No clarity about the order in which different types of exit payment are taken into account

31. The Government has failed to clarify the order in which different types of exit payment are taken into account when deciding which payment(s) are to be reduced to stay within the £95,000 threshold. This has to be set out on the face of the Bill or in regulations under it. The Government should be pressed to consult about its intentions so that expert commentators, including organisations that will have to operate the cap, employment lawyers and unions can comment before Parliament is invited to approve the legislation.

Need for appropriate transitional provision

32. Before the regulations made under the new section 153A are approved by Parliament and come into force, organisations will be legitimately taking decisions to approve exits as a result of restructuring, down-sizing in the face of Government spending reductions etc. It is entirely possible that some decisions will be taken before the regime created as a result of clause 35 comes into effect but in relation to an exit on a date after the regime comes into effect. This is because notice periods are typically a minimum of 3 months for senior posts and sometimes can be longer.

33. ALACE is therefore calling for transitional provision on the face of the Bill or in the regulations to cater for circumstances where a legitimate decision to approve a departure may have been made before the limit in the new section 153A comes into effect but the exit does not take effect until after the limit comes into effect. Any employee who has already been made redundant but has not yet left service (often at the employer’s request) will be outside any proposals. The transitional provision would exempt any individual in such circumstances from the effect of the cap.

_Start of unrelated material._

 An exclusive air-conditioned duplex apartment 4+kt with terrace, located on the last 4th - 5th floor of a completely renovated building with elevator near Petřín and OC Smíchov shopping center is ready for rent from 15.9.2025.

34. This approach was very sensibly taken when new independent person provisions were introduced recently for processes relating to dismissal of certain officers. All "live" cases at the point of the change were considered under the previous regime, as a result of regulation 3 of the Local Authorities (Standing Orders) (England) (Amendment) Regulations 2015 No 881. The new regime applied only to new cases. What is more, exactly such transitional provision is explicitly given favourable mention in paragraph 4.19 of the Treasury’s current consultation on further limiting public sector exit payments, so should not cause the Government any concerns.

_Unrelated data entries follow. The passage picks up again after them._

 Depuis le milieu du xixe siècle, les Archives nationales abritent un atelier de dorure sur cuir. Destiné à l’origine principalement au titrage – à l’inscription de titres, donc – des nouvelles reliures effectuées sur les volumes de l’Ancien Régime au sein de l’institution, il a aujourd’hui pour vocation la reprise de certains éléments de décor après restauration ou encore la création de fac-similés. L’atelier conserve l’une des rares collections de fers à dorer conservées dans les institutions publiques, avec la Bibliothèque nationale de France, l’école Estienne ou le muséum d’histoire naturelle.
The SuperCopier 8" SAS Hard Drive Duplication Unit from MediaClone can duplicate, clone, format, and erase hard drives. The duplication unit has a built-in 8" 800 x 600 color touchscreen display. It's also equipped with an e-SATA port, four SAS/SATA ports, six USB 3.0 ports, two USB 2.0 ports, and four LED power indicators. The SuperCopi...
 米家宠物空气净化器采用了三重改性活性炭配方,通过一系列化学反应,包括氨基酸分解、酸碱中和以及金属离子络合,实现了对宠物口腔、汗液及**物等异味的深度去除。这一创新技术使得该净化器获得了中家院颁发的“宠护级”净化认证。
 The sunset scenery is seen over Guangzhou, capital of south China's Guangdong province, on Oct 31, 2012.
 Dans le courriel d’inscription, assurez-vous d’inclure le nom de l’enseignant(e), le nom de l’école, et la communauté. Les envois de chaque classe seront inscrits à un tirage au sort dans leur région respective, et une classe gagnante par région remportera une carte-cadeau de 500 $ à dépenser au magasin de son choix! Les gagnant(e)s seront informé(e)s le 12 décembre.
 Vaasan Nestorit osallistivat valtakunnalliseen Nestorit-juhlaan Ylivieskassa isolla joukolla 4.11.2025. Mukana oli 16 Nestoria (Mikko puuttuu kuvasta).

Discriminatory nature of the Government’s proposals

35. Under these proposals, an individual staff member’s length of service and age could become determining factors in employers seeking to avoid the complication of the arbitrary cap. This may be discriminatory. Indeed we are concerned that these proposals will more generally be directly discriminatory on grounds of age, as the entitlement to payments tend to increase with age and service and thus the impact of the cap may be more severe for those who are older. Indeed, the disproportionate impact of an exit cap on older people is explicitly acknowledged in the Treasury’s current consultation on further limiting public sector exit payments.